§ **THE PROBLEM**
Using the listing below, copy exactly the lines from the one containing "CompassionART Cafés are" to the one containing "The paper proves", both lines included, and no others.

§ **DATA FOR THIS EXERCISE**
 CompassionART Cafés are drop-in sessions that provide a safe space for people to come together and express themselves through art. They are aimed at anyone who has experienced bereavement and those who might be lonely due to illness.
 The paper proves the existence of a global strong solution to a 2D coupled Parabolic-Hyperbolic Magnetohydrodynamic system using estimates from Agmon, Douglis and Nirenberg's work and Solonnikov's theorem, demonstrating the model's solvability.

...

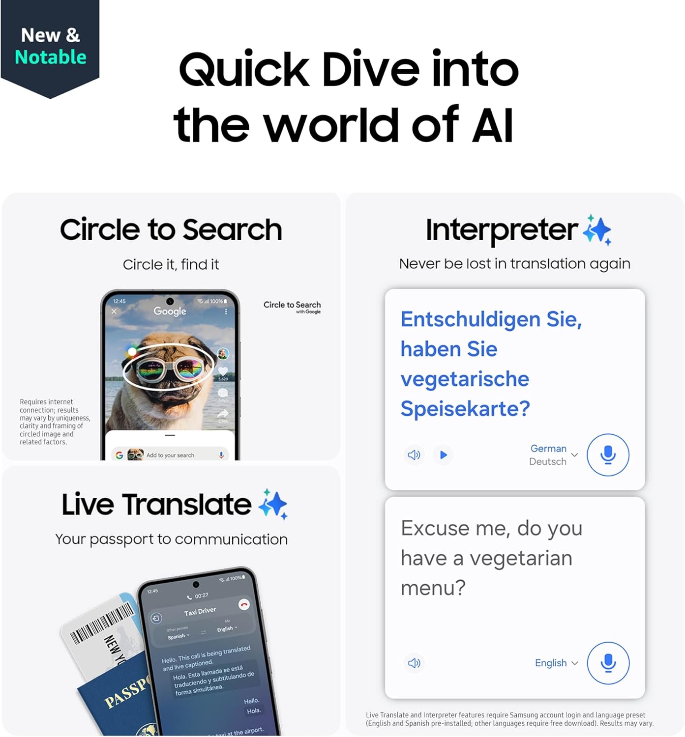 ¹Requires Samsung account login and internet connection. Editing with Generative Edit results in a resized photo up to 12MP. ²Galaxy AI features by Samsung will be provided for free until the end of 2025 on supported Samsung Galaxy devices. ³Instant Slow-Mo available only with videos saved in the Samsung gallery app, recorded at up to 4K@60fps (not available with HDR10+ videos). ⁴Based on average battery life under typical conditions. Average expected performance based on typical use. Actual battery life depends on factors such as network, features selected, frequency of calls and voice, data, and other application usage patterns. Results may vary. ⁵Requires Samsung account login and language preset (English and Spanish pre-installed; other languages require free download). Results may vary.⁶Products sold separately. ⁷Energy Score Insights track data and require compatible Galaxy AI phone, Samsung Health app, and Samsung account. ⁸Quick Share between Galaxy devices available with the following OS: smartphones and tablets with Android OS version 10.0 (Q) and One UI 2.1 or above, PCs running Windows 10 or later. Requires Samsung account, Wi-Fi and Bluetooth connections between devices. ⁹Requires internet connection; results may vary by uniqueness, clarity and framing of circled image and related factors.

§ **ANSWER SECTION**
 CompassionART Cafés are drop-in sessions that provide a safe space for people to come together and express themselves through art. They are aimed at anyone who has experienced bereavement and those who might be lonely due to illness.
 The paper proves the existence of a global strong solution to a 2D coupled Parabolic-Hyperbolic Magnetohydrodynamic system using estimates from Agmon, Douglis and Nirenberg's work and Solonnikov's theorem, demonstrating the model's solvability.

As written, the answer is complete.